We can pass varnishncsa the following command-line arguments to stream tracked events:

  $ /usr/bin/varnishncsa -m RxURL:^/event\.gif -F '%q'

The format placeholder "%q" is rendered as the request's query string (or an empty line). Output is unbuffered.

The output of this exact invocation is piped to another tool, zpub, which makes log data available as a streaming network service using ZeroMQ.

ZeroMQ

TL;DR: Varnish : varnishlog :: zpub : zsub

ZeroMQ is a free and open source networking library that lets you write brokerless message-oriented middleware using a socket-like API. It is performant, well-tested, and broadly used. It exposes common messaging patterns (like pub/sub, fanout, etc.) as different "types" of sockets. zpub is a small application that reads lines from stdin and streams them using a ZeroMQ publisher socket in a fan-out fashion to all connected peers.

A subscriber may identify itself to the publisher using a short identifier string called a socket identity. If the connection between a named subscriber and a publisher drops, the publisher will buffer messages for that subscriber until the subscriber re-connects or the number of messages in the buffer reaches the high-water mark (by default, 1,000 messages).

ZeroMQ's pub/sub pattern reproduces Varnish's message-oriented architecture on the network:

Varnish ZeroMQ
Publishers varnishd zpub (and many others)
Subscribers varnishlog, varnishncsa zsub (and many others)
Transport shared memory segment network link
Filters tags, regexps string prefix
Max buffer shm_workspace (default: 8kb) ZMQ_HWM (default: 1k messages)
On buffer exhaustion Silently overwrite Silently drop

zpub/sub has been packaged for both Lucid and Precise and is available in the Wikimedia repository (apt-get install zpubsub).

zpub usage

Source code: zpubsub/zpub.c
Admonition: zpub performance may increase if it is refactored to read the VSM log directly using the public API (see include/vapi/vsm.h), rather than rely on the output of varnishlog or varnishncsa. The cost of this optimization would be the forfeiture of a supported and production-hardened tool in favor of a custom implementation.
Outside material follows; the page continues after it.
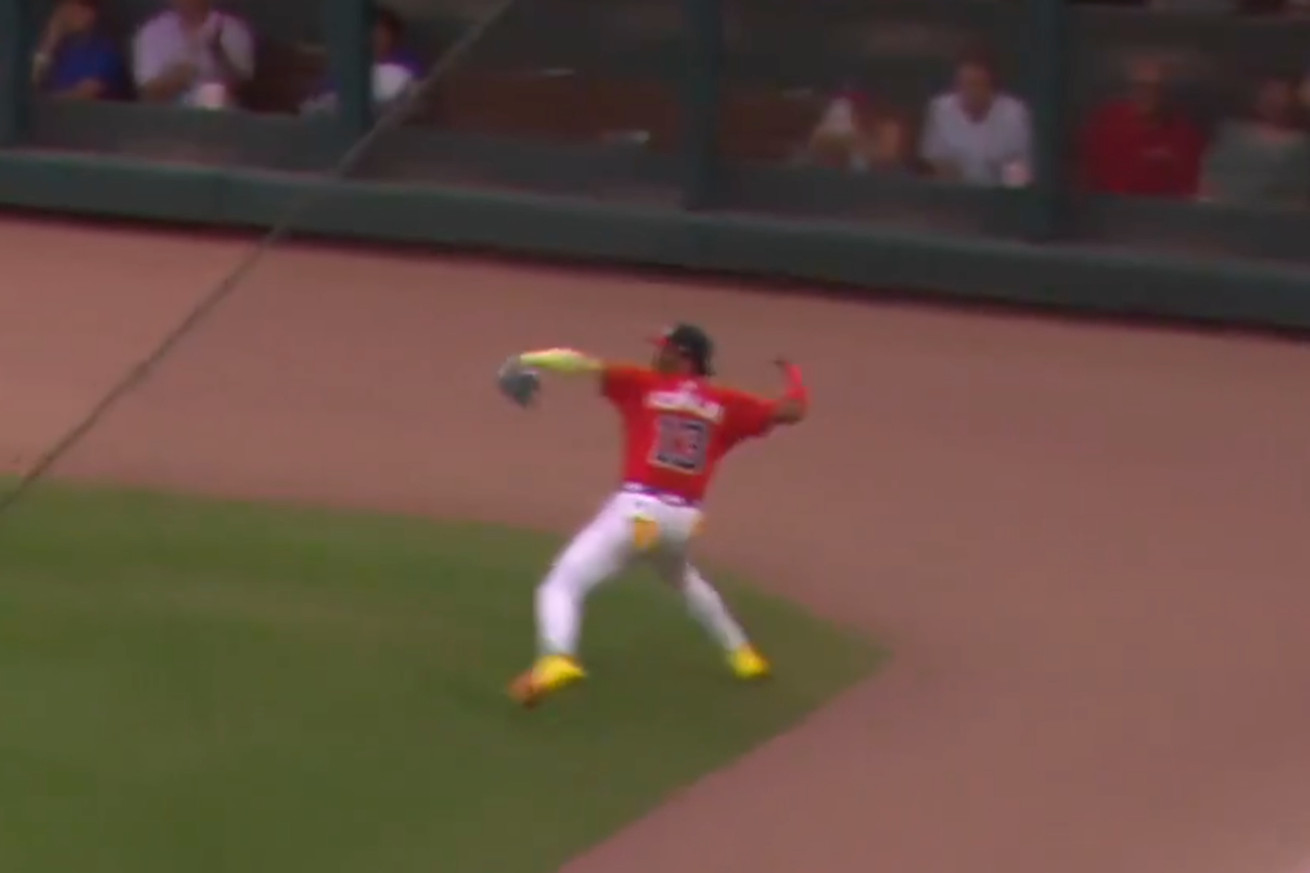 As someone paid to describe sporting moments, I am at a loss to describe this throw beyond saying THIS IS MIND-BLOWING. Acuña makes this throw without a crow-hop or a pro-step; he simply catches the ball over his shoulder, pivots, and throws a supersonic missile into third baseman Nacho Alvarez Jr. And some credit goes to Alvarez who sold the play at the end, waiting until the last possible moment to get his glove out to snare this frozen rope from Acuña.

We should do this only if this a bottleneck.
$ zpub -h
zpub -- pipe lines from stdin to zmq pub socket
 
Usage: zpub [options]
  -p <port>        Server port (default: 8006)
  -i <interface>   Interface to bind (default: *)
  -m <count>       ZeroMQ high-water mark (default: 1000)
  -h               Show this message and exit

zsub usage

Source code: zpubsub/zsub.c
Used by a subscriber to subscribe to data distributed by a publisher.
$ zsub -h
zsub -- pipe zmq sub socket to stdout
 
Usage: zsub [options] host:port
  -h               Show this message and exit
  -f <filter>      Subscribe to filter
  -s <identity>    Set socket identity

Debugging and Benchmarking

zpub/sub

The following script will stream a file in a loop using zpub, and listen to it using zsub. It uses pv (pipe viewer), which you may have to install.

#!/usr/bin/env bash
 
# zbench
#
# Benchmark throughput of ZeroMQ pub/sub over local TCP/IP
# socket.
#
# Usage: zbench [/dev/shm/inputfile]
# Reads input file in a loop; outputs LINES / second.
 
set -em
trap 'kill %% &>/dev/null' EXIT
 
[[ "$#" == 1 ]] || { echo >&2 "Usage: ${0} inputfile" ; exit 1 ; }
 
while :; do cat "$1" ; done | zpub &
    zsub localhost:8006 | pv -Walr -N "Messages/sec (cur, avg)" >/dev/null
wait

On vanadium, a modest machine, results have ranged from 70k to 115k messages/sec, depending on load. Keep in mind that in production, a machine is only ever responsible for one role (publisher or subscriber), not both.

Varnish

Benchmark

To measure the amount of time Varnish is taking to service event tracking requests, run varnishlog with the following arguments and curl the URL:

$ varnishlog -I^/event\.gif -iReqEnd -iRxURL
   11 SessionOpen  c 75.101.52.39 57737 :80
   11 RxURL        c /event.gif
   11 ReqEnd       c 1886474086 1345278127.152711868 1345278127.152907133 0.000069857 0.000093460 0.000101805

Subtract the second number of the ReqEnd line from the third to get the total time (in decimal seconds) it took Varnish to service the request. (In this case, 195 microseconds.) For additional guidelines on interpreting the output of varnishlog, see the page Varnishlog tag explanation on the Varnish wiki.

Compile VCL

To see the C code a VCL file compiles to, run:

 $ varnishd -d -f bits.inc.vcl -C

Useful Stats

Statistics about the shared memory segment can be viewed using varnishstat:

$ varnishstat -1 -f shm*
shm_records             121368         0.67 SHM records
shm_writes              120391         0.67 SHM writes
shm_flushes                  0         0.00 SHM flushes due to overflow
shm_cont                     0         0.00 SHM MTX contention
shm_cycles                   0         0.00 SHM cycles through buffer

If the shm_flushes count is high, the size of the shared memory segment can be increased by upping the value of the shm_workspace run-time parameter, or by specifying it in the varnishd command-line, using -l. See section "Run-Time Parameters" in the varnishd documentation.